--- Aim of the exercise ---
Task for the records below: repeat the line containing "1978 Manuale delle" and every line after it, exactly and with nothing else, but leave out the pictures.

Data provided Start Marker

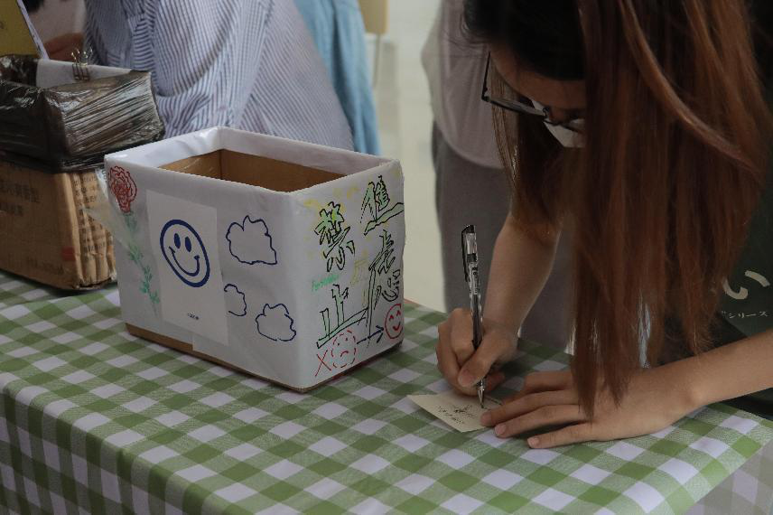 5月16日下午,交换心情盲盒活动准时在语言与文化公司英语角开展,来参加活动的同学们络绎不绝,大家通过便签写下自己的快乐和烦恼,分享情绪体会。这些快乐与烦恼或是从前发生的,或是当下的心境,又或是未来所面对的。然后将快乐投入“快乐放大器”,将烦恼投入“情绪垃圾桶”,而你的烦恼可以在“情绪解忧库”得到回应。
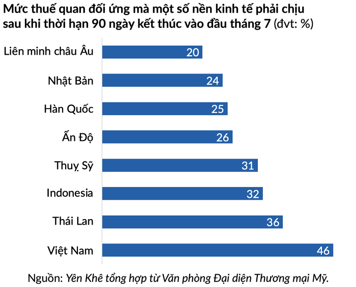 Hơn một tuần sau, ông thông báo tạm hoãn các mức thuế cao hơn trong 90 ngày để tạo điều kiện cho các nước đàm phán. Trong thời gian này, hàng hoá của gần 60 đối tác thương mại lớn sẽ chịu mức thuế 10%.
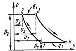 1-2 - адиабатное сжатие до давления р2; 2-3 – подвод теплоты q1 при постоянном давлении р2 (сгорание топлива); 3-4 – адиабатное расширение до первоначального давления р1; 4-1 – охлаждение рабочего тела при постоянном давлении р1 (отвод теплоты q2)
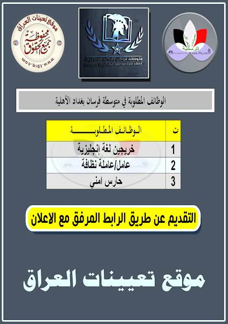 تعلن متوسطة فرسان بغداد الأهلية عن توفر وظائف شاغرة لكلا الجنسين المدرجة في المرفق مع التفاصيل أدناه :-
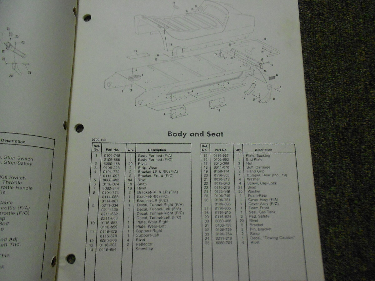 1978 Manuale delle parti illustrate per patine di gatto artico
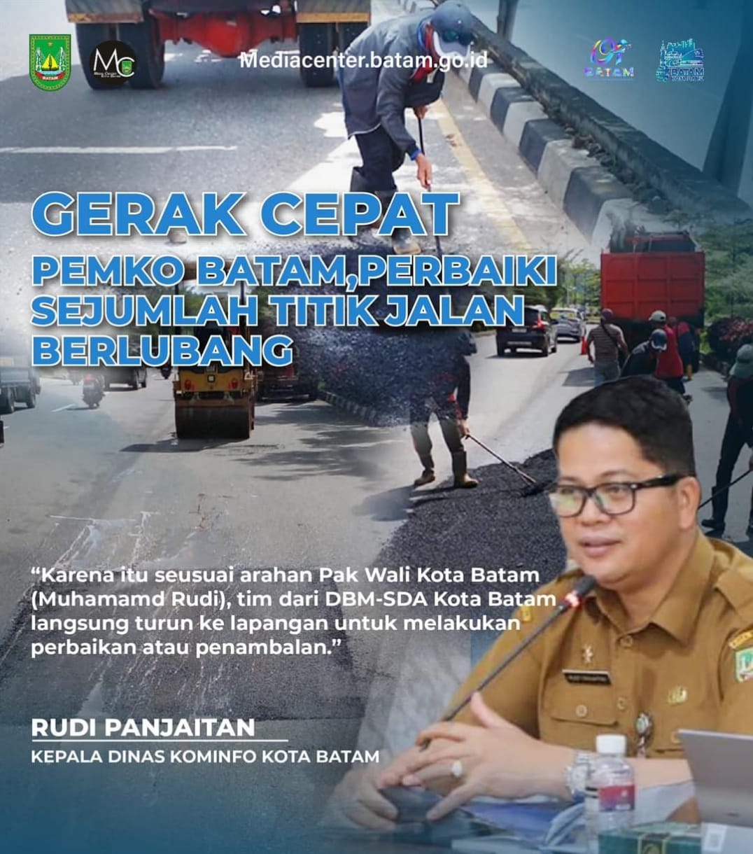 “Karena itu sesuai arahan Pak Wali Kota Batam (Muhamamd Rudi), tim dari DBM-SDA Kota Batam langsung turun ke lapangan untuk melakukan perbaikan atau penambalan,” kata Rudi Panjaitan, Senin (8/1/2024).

Data provided End Marker

--- Answer to this exercise ---
 1978 Manuale delle parti illustrate per patine di gatto artico
 “Karena itu sesuai arahan Pak Wali Kota Batam (Muhamamd Rudi), tim dari DBM-SDA Kota Batam langsung turun ke lapangan untuk melakukan perbaikan atau penambalan,” kata Rudi Panjaitan, Senin (8/1/2024).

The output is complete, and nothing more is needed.